Regular conditional probabilities, in factorized form, exist in Polish spaces with the Borel σ - algebra, general applies: If an arbitrary random variable with values ​​in a Polish space, then there exists a version of the distribution in the form of a stochastic core:

Special cases

( 1) For the trivial σ - algebra is simple expectation values ​​and probabilities obtained:

According applies and for all in condition on the value of a constant random variable.

( 2) Simple σ - algebras: It has, and has but himself and the empty set no subsets, the value of on the conventional conditional probability is the same:

This shows that the above calculations are consistent in the discrete case with the general definition.

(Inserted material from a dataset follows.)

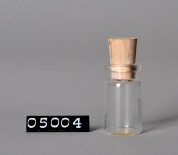Zylinderförmiges, kleines Weithalsfläschchen mit Korkstopfen. Flache Schulter, kurzer Hals. Mündungsrand verdickt.
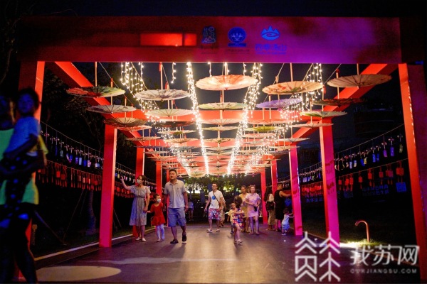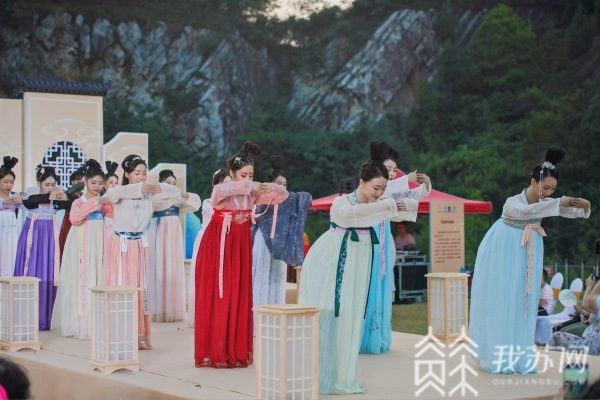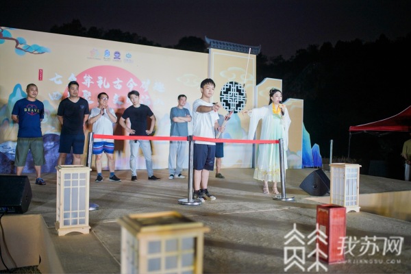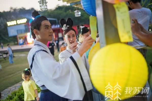 七夕将至,在南京网红打卡点汤山矿坑公园,热闹的古风集市在这里“开张”,身着传统汉服的青年男女们络绎不绝,随着夜幕降临,“攒子涧”瀑布的开启,传统文化与现代艺术融合相得益彰,让这里的游客纷纷点赞。

( 3) Calculating with densities: Is a limited density function of the joint distribution of random variables, then

The density of a regular conditional distribution in the factorized form and for the conditional expectation applies

( 4) In the following cases, you can specify regular conditional distributions:

  • If independently of, in the form
  • If, measurable in the form of ( Diracmaß )
  • For the pair, is measured when, in the form if a regular conditional distribution is used to calculate the expression on the right hand side.

Calculation rules

All of the following statements are valid only almost certain ( almost - everywhere), if they contain conditional expectations. Instead of one can write also a random variable.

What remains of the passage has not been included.